Work order
Skip the pictures and write out, word for word, the lines below from the one with "This curve shows" through the one with "Un morbido gradiente", inclusive.

-- The input follows --

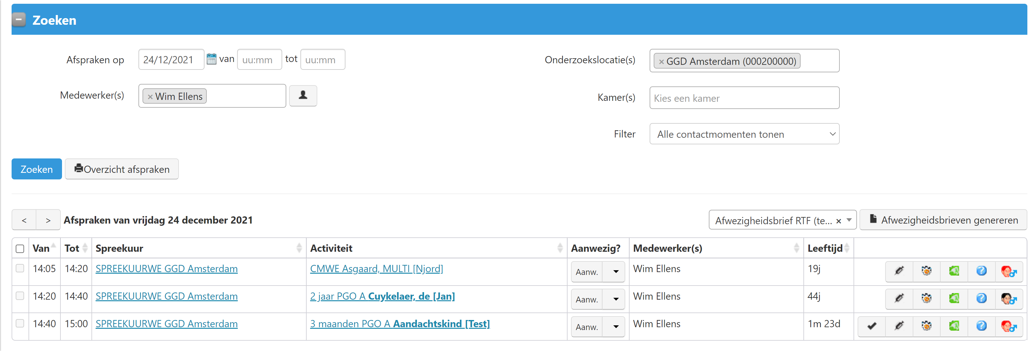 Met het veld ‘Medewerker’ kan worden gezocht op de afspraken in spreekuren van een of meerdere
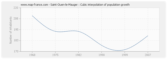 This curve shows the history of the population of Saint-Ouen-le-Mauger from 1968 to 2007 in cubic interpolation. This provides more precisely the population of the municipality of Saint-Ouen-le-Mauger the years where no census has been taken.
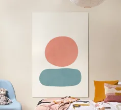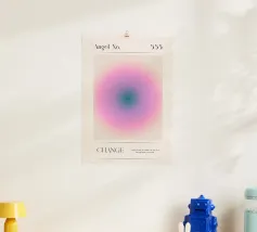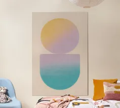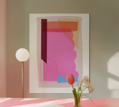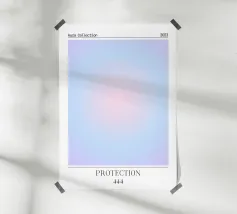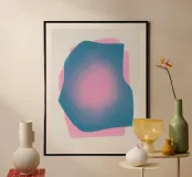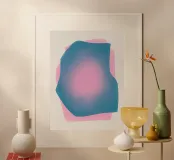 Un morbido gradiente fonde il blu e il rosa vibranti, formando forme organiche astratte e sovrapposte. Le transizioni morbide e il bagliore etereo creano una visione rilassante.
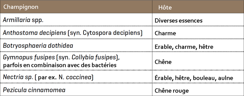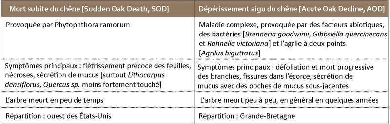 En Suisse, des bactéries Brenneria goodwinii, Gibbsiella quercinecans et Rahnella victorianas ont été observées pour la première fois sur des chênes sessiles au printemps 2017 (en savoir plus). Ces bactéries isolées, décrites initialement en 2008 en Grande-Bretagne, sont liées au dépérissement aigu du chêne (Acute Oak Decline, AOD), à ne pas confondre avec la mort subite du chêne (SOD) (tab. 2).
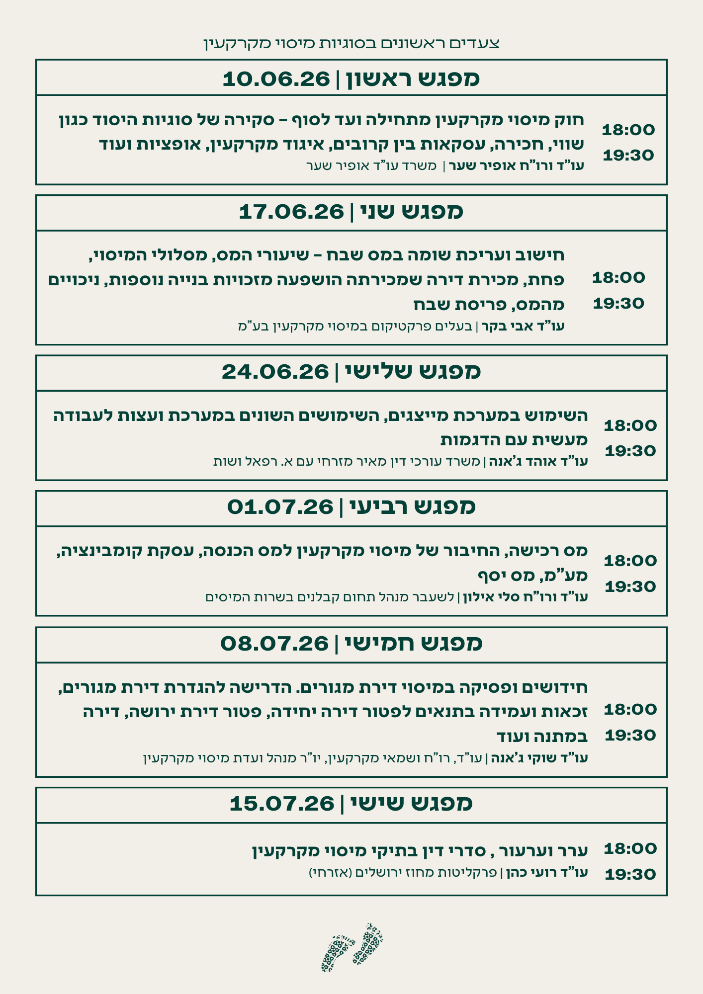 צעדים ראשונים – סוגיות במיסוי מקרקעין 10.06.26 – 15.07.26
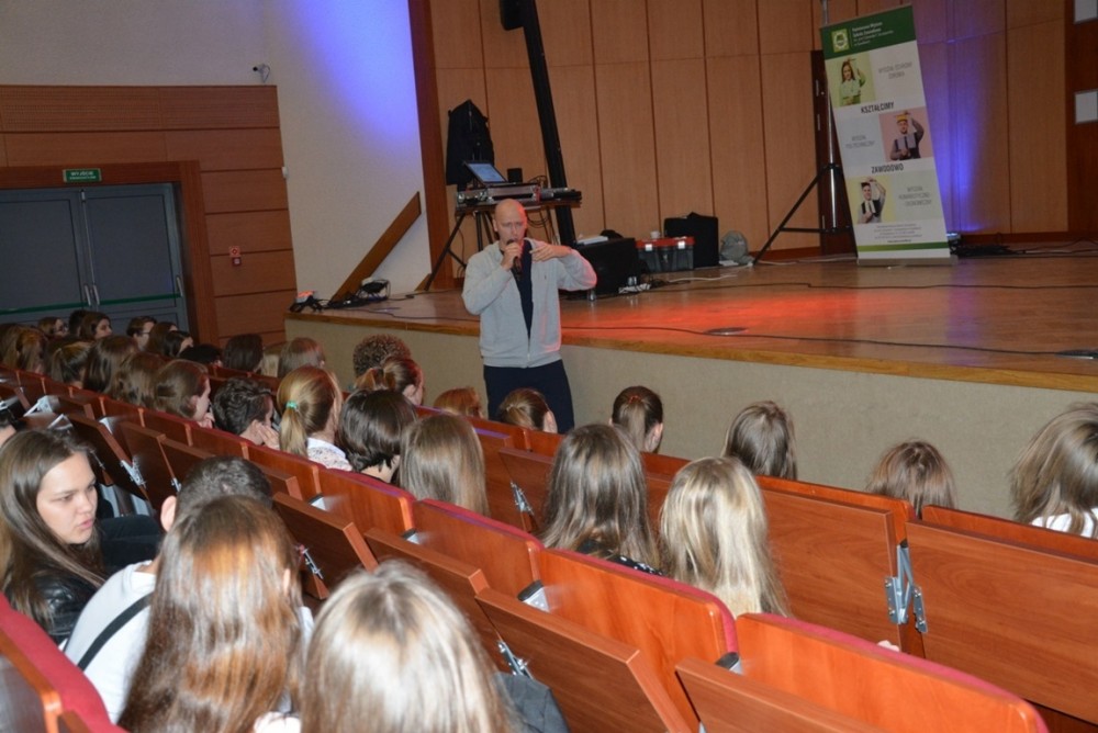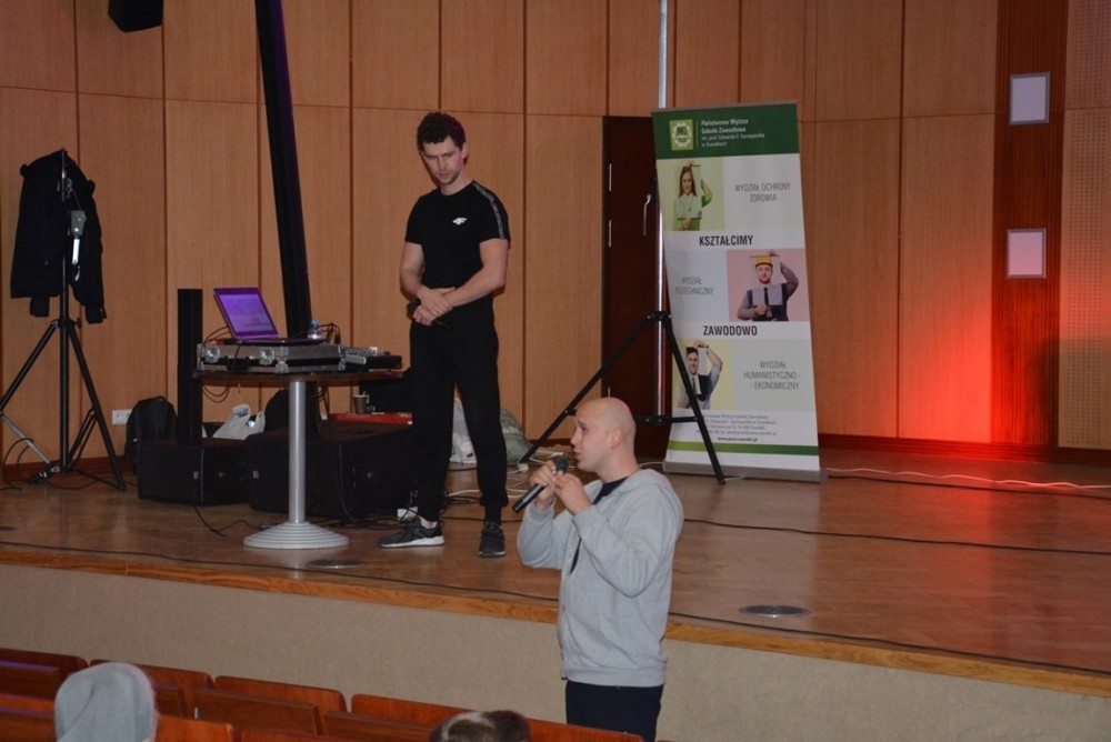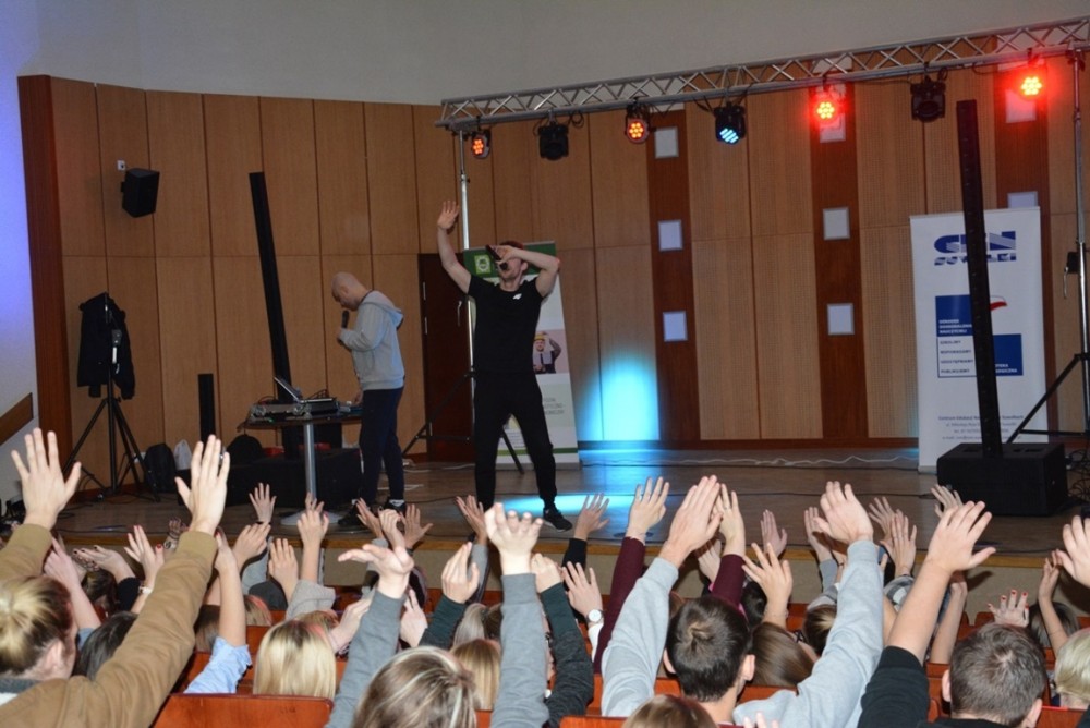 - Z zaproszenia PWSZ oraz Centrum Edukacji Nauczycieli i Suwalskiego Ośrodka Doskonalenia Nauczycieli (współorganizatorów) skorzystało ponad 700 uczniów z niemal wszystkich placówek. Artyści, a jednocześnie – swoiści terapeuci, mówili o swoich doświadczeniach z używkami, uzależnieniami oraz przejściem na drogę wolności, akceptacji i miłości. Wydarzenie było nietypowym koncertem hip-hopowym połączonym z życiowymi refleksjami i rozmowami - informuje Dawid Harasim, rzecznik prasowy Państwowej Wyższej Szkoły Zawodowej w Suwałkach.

-- The input concluded --
-- The input follows --

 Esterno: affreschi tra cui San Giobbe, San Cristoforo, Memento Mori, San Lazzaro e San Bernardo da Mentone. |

-- The input concluded --

Solution for this problem
 This curve shows the history of the population of Saint-Ouen-le-Mauger from 1968 to 2007 in cubic interpolation. This provides more precisely the population of the municipality of Saint-Ouen-le-Mauger the years where no census has been taken.
 Un morbido gradiente fonde il blu e il rosa vibranti, formando forme organiche astratte e sovrapposte. Le transizioni morbide e il bagliore etereo creano una visione rilassante.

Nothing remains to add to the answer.